In 1883, a local sheriff claimed to have seen the monster, and his public announcement led to a flurry of other eyewitnesses to Champ’s mysterious appearances. According the sheriff’s claim, the monster was at least 20 ft (6 m) in length. Fervor grew for proof of the Lake Champlain Monster, and legendary showman P.T. Barnum offered a $50,000 US Dollar (USD) reward for the carcass of the animal.

What many Champ-proponents believe to be definitive proof of the monster’s existence came in the form of a photograph taken in the late 1970s by a woman named Sandra Mansi. The Mansi photograph shows a startling image of what appears to be a long-necked, dinosaur-like creature approximately 150 ft (45 m) away from the shore of Lake Champlain.

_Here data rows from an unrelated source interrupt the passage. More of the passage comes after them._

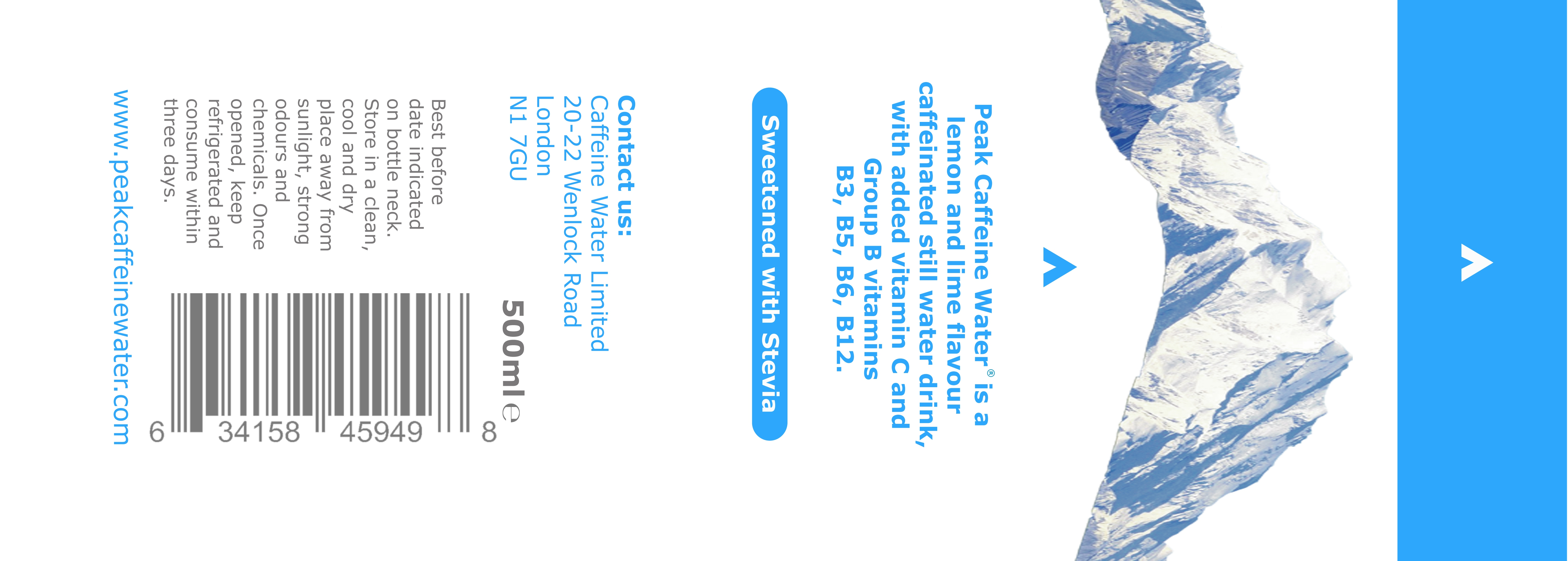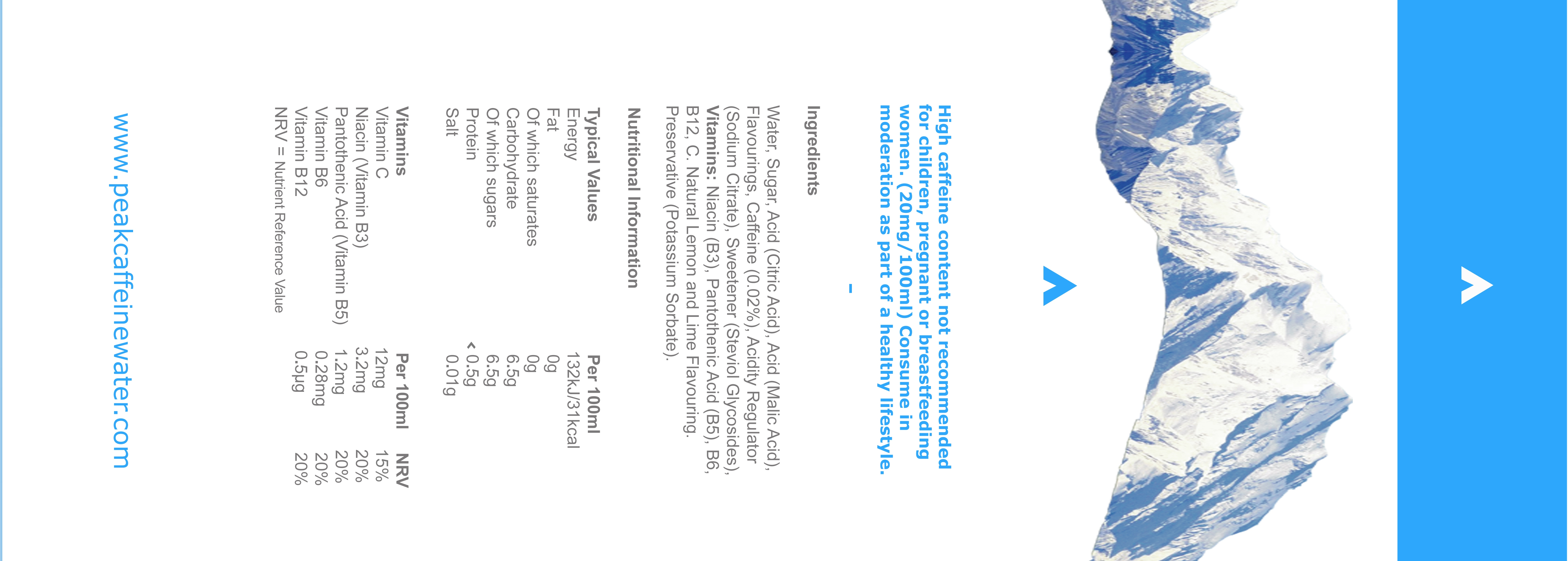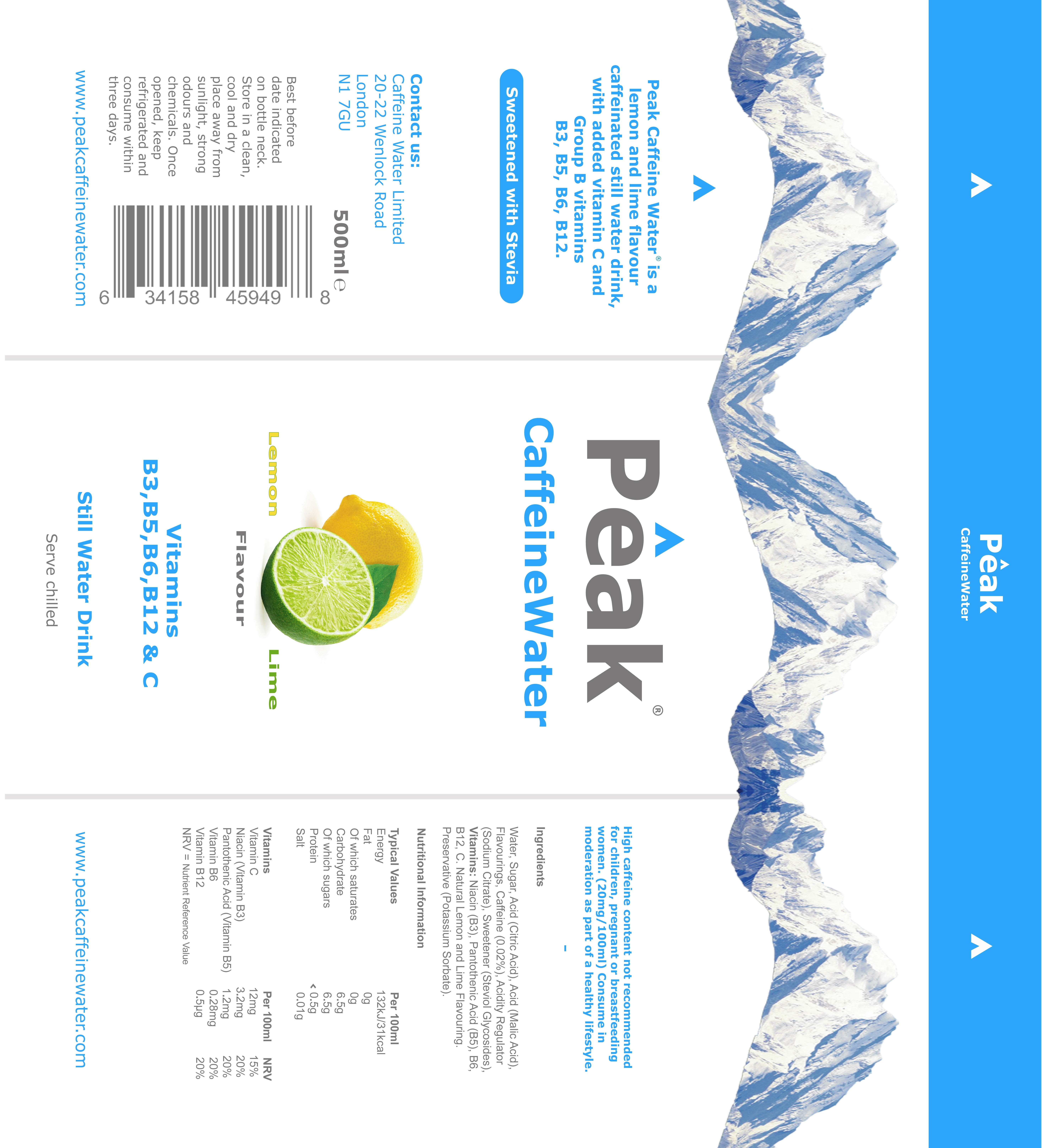 Peak Caffeine Water Bottle Label
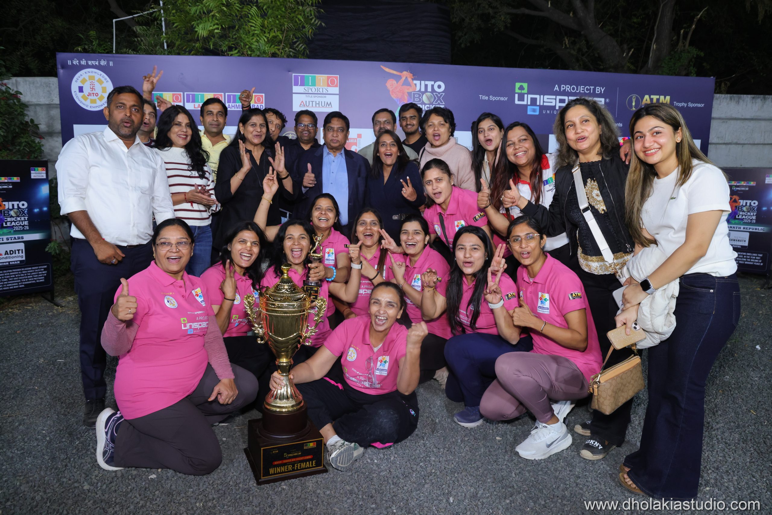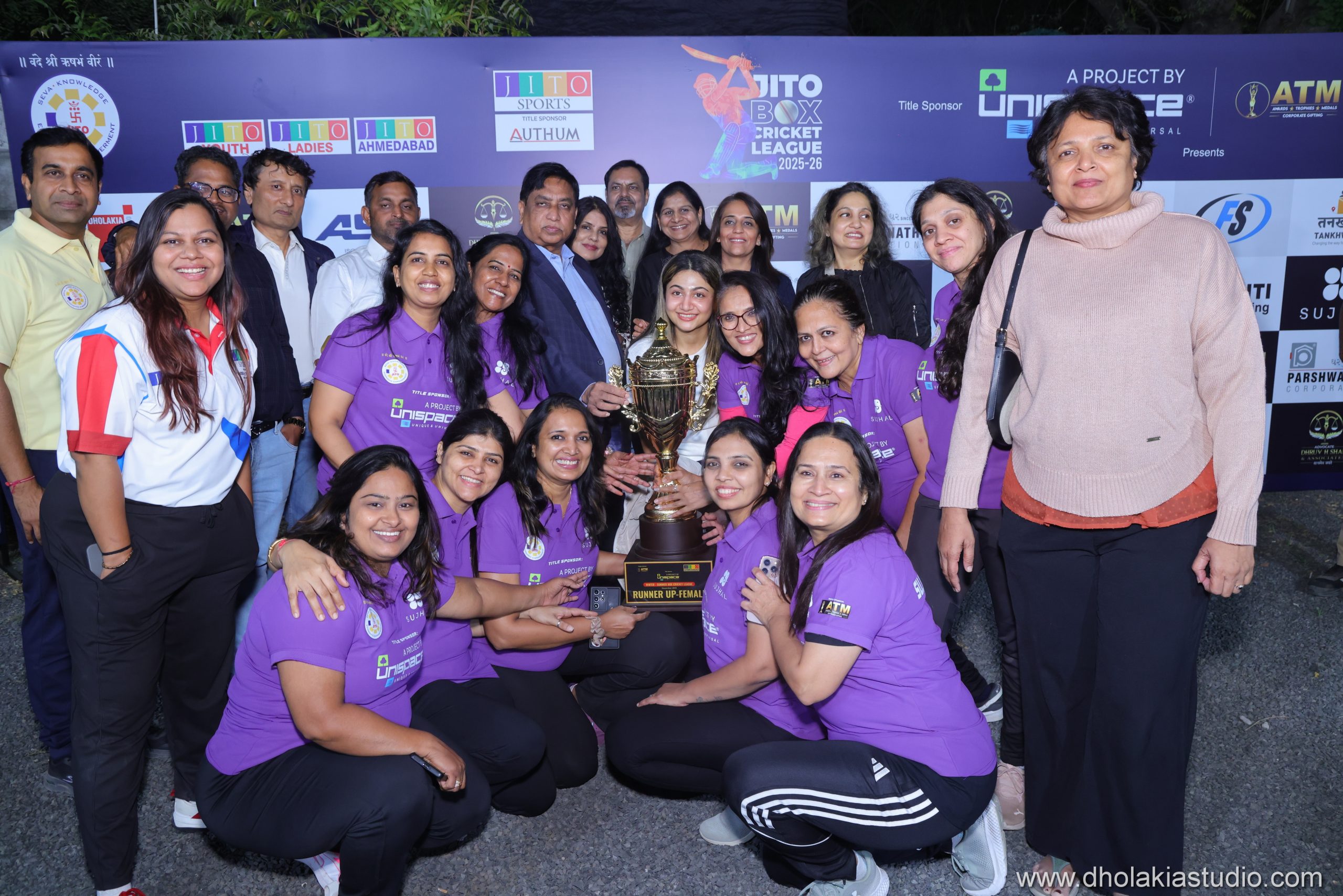 The JITO Box Cricket League 2025–26 concluded on a high note on December 19, 2025, after two days of electrifying matches held from December 17 to 19 at Freehit Box Cricket, Science City. The tournament witnessed enthusiastic participation from over 180 players, comprising 12 men’s teams and 3 women’s teams. It also drew a remarkable audience of nearly 800 spectators. The event was marked by high energy, strong teamwork and exciting cricket action throughout.
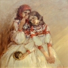 The painting "Girlfriends" fills the viewer with warmth, sincerity and spiritual closeness of two friends. Two girls in traditional Russian costumes are depicted in a moment of quiet communication, full of trust and harmony. Their peaceful faces, slight tilts of their heads and modest posture create an atmosphere of friendly support and mutual understanding.
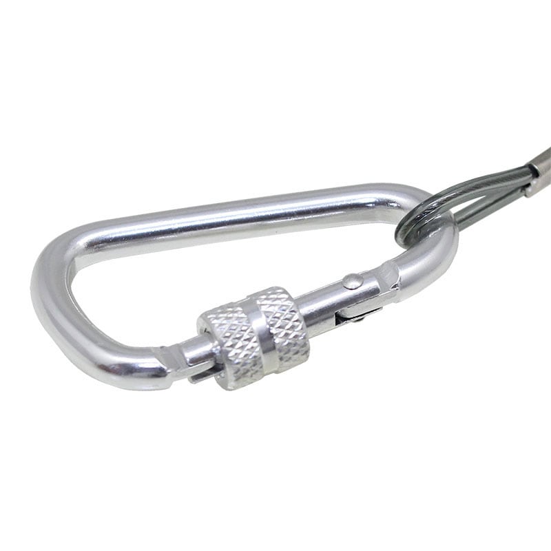 【送料無料 ネコポス便】カールコード コイルストラップ 伸びる スチールワイヤー入りタイプ ロック機能付きカラビナ 大型リング キ...
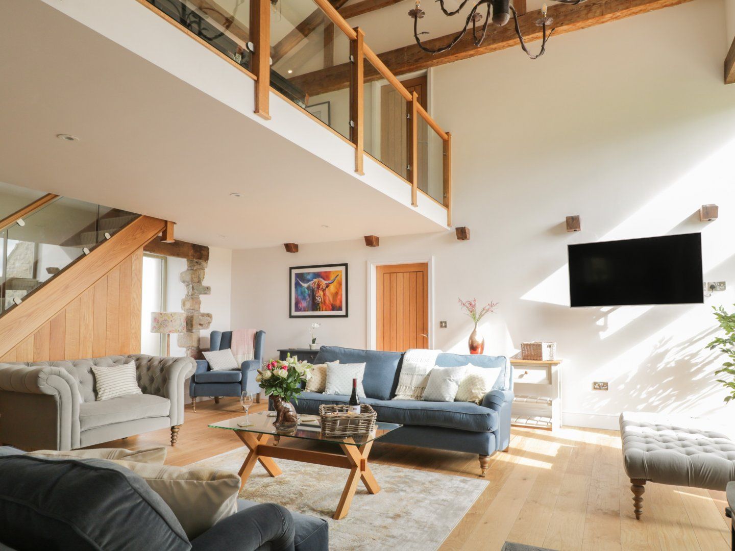 Four bedrooms (three on first floor): 1 x super-king-size (zip/link can be twin on request) with additional single day bed, window seat and en-suite with walk-in shower, basin, heated towel rail and WC, 1 x ground-floor super-king-size (zip/link can be twin on request) with en-suite bathroom with freestanding bath, separate walk-in shower, basin, heated towel rail and WC, 1 x king-size with en-suite bathroom with freestanding bath, separate walk-in shower, basin, heated towel rail and WC and 1 x king size with en-suite walk-in shower, basin, heated towel rail and WC. Open-plan living area with a kitchen, dining area and sitting area with a woodburning stove. Utility with downstairs WC
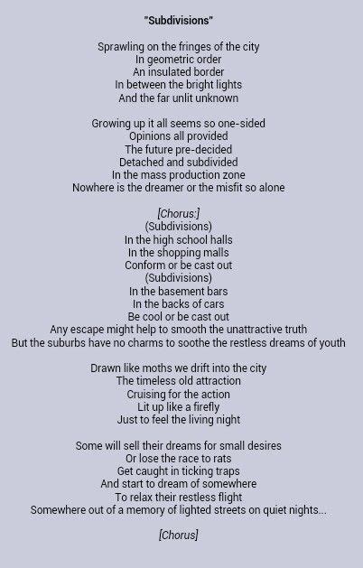 Lyrics Subdivisions Rush. Web conform or be cast out. (subdivisions) in the basement bars.
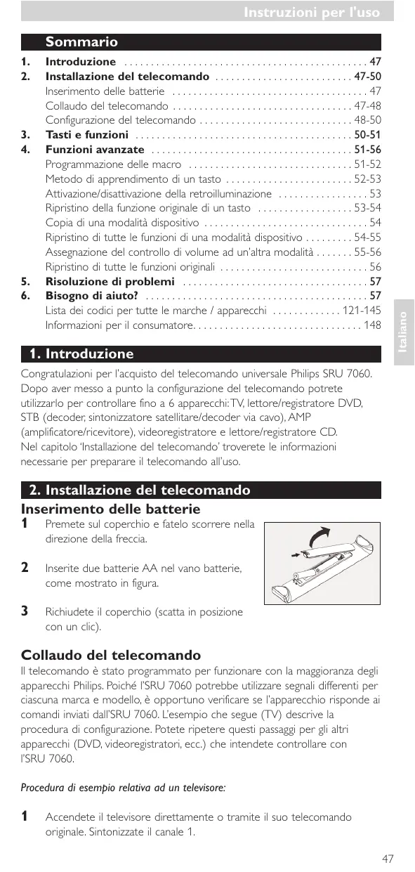 Congratulazioni per l’acquisto del telecomando universale Philips SRU 7060. Dopo aver messo a punto la configurazione del telecomando potrete utilizzarlo per controllare fino a 6 apparecchi:TV, lettore/registratore DVD, STB (decoder, sintonizzatore satellitare/decoder via cavo), AMP (amplificatore/ricevitore), videoregistratore e lettore/registratore CD. Nel capitolo ‘Installazione del telecomando’ troverete le informazioni necessarie per preparare il telecomando all’uso.
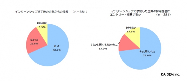 また、インターンシップに参加した企業の採用選考にエントリー・応募するか聞いた。「すると思う/した」学生が73.0%に上り、約4分の3が採用選考への参加に意欲を見せている。また、インターンシップ終了後に、参加企業から選考やイベントの案内があったかを聞くと、68.2%の学生が「あった」と回答した。
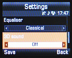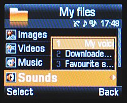 Файлы структурированы по следующим категориям: картинки, видео, музыка, звуки, прочее. Чтобы они были видны через Bluetooth, их надо наделить соответствующими правами. Передача данных по Bluetooth критически медленная, всего 20 кБ/с. Кроме того, наш тестовый телефон иногда отказывался соединяться с другими устройствами и принимать файлы. Скорее всего, это проблемы конкретного девайса, так как старшая модель Samsung U600 таких проблем не имеет. HTML-браузер есть, но при таком низком разрешении экрана его использование может быть затруднительно. Браузер построен на движке Net Front, работает стабильно и быстро. Про него и плеер мы расскажем в обзоре U600. Программы Image editor и Image stamp позволяют совершать базовые операции с графическими файлами. Работы на удивление происходят очень быстро. За несколько кликов можно настроить яркость, контрастность, цвет, уровни и применить ряд несложных эффектов. Также есть функции поворота и вырезания части картинки. Результат можно послать по Bluetooth на телефон или принтер. Диктофон работает во время звонка. Число будильников равно пяти. Каждый обладает богатыми настройками: частота срабатывания, мелодия, тип мелодии, громкость мелодии, повторное срабатывание. Камера
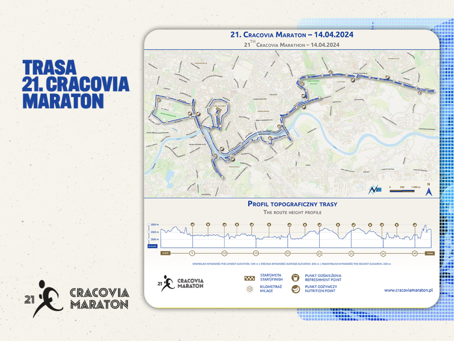 Przedstawiamy trasę 21. Cracovia Maratonu, który odbędzie się 14 kwietnia. Po raz kolejny rywalizacja odbędzie się na jednej pętli, a maratończycy zawitają do Nowej Huty. Jak ma to miejsce od 2014 roku, start i meta usytuowane będą w samym sercu Krakowa – na Rynku Głównym. Zgodnie z hasłem imprezy: „z historią w tle”, uczestnicy maratonu przebiegną obok wielu wspaniałych zabytków stolicy Małopolski. Po drodze nie zabraknie też przykładów nowoczesnej architektury i pięknej przyrody.
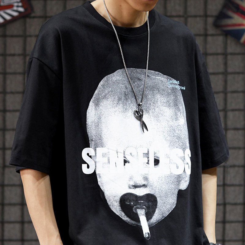 European and American High Street Chauffins Dark Black Wind Boy printed short sleeves T-shirt Men and women Ins couples Hip Hop Loose T-shirt
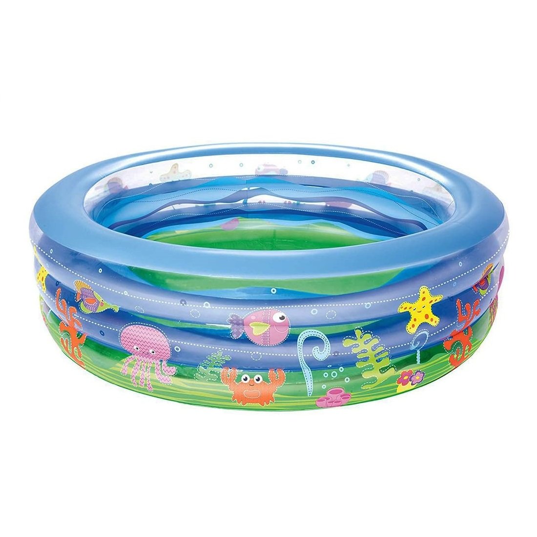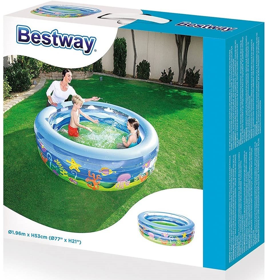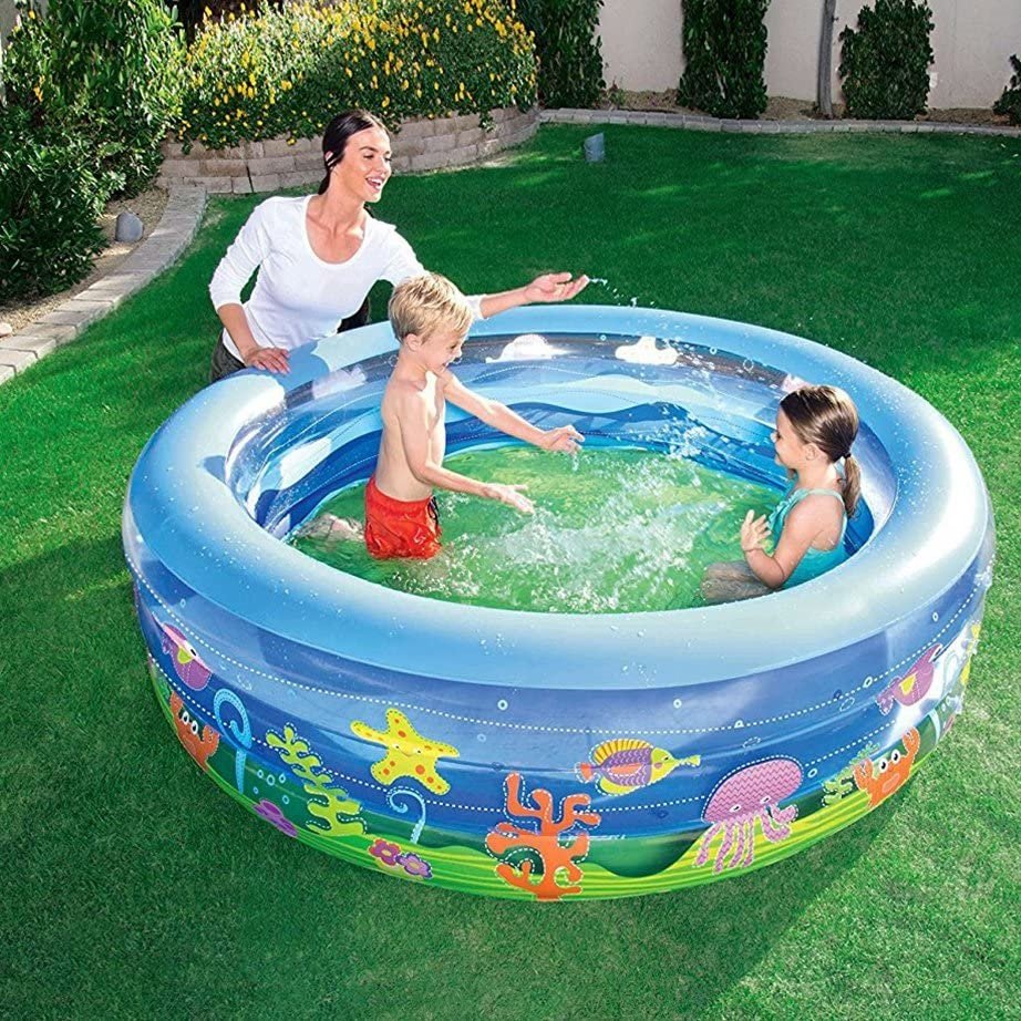 Es una buena idea esta piscina hinchable con paredes extra gruesas, fabricada en vinilo resistente, que cuenta contres válvulas de seguridad, para entretener a los niños.
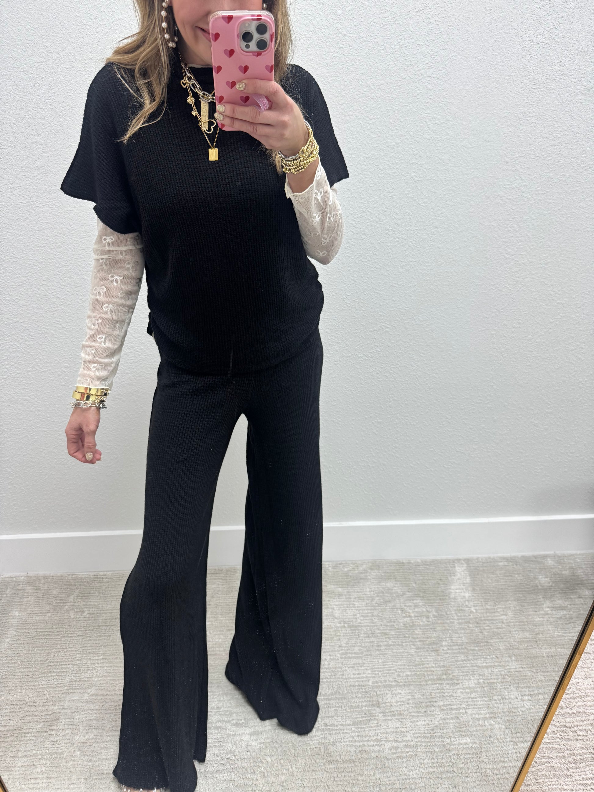 The most amazing material ever, a set you will NOT want to take off. It’s so cute and can be worn for dressy, or lounge, your preference. It’s a TTS fit and the pants have an elastic waist. Macy is a 2/4 and 5’7 wearing the small
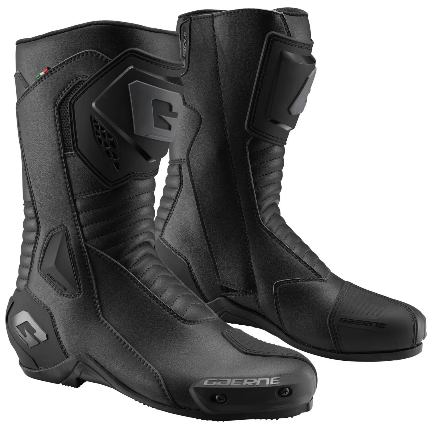 The Gaerne G-RT is a high-performance and versatile motorcycle boot for the sporty rider, combining design and protection made in Italy. The sturdy heel cup and shin plate provide maximum stability. A breathable mesh inner lining and special padding in the shin area provide additional comfort. The side entry system with elastic zipper with Velcro cover provides a custom fit. The racing sole with excellent grip is petrol and oil resistant. The Gaerne G-RT motorcycle boot fuses sporty styling with advanced technology.

Ms. Mansi witnessed the creature with her husband and two children, and claimed it kept its head out of the water for about four to seven minutes before diving under the water. Experts are divided on what the photo truly shows, with some suggesting the creature in the photo is size-distorted, and others suggesting it is merely a floating tree stump or large bird.

Believers in the Lake Champlain Monster think that it is related to the prehistoric plesiosaur, an aquatic reptile with a long, snake-like neck. The plesiosaur is believed to have become extinct as a result of the K-T extinction, when many dinosaurs and other early animals died out due to an immense environmental change. The Lake Champlain Monster, in order to be a plesiosaur, would either need to be a single 10,000 year old animal, or the result of a small, consistently breeding group. The first hypothesis is considered unlikely as no creature is known to live that long, the second is often dismissed because an active breeding population would likely be sighted more often.

Recent information in 2003 and 2005 has incited renewed interest in the Lake Champlain Monster. An audio recording was taken in 2003 by a film crew working for the Discovery Channel. The recording seems to contain echolocation, a technique used by dolphins and some whales to find food and locate obstacle. The recording, while similar to a beluga or killer whale, is believed to be from no species known to live in the lake.

In 2005, a video taken by two fishermen seems to show some animal just below the surface of the waters of the lake. Although the video is no longer available for public viewing, stills seem to show an animal that appears fish, dolphin, or eel-like, but believers claim is the elusive Lake Champlain Monster. Experts are unable to conclude what the video shows, and even the fishermen themselves are not sure what it was they filmed.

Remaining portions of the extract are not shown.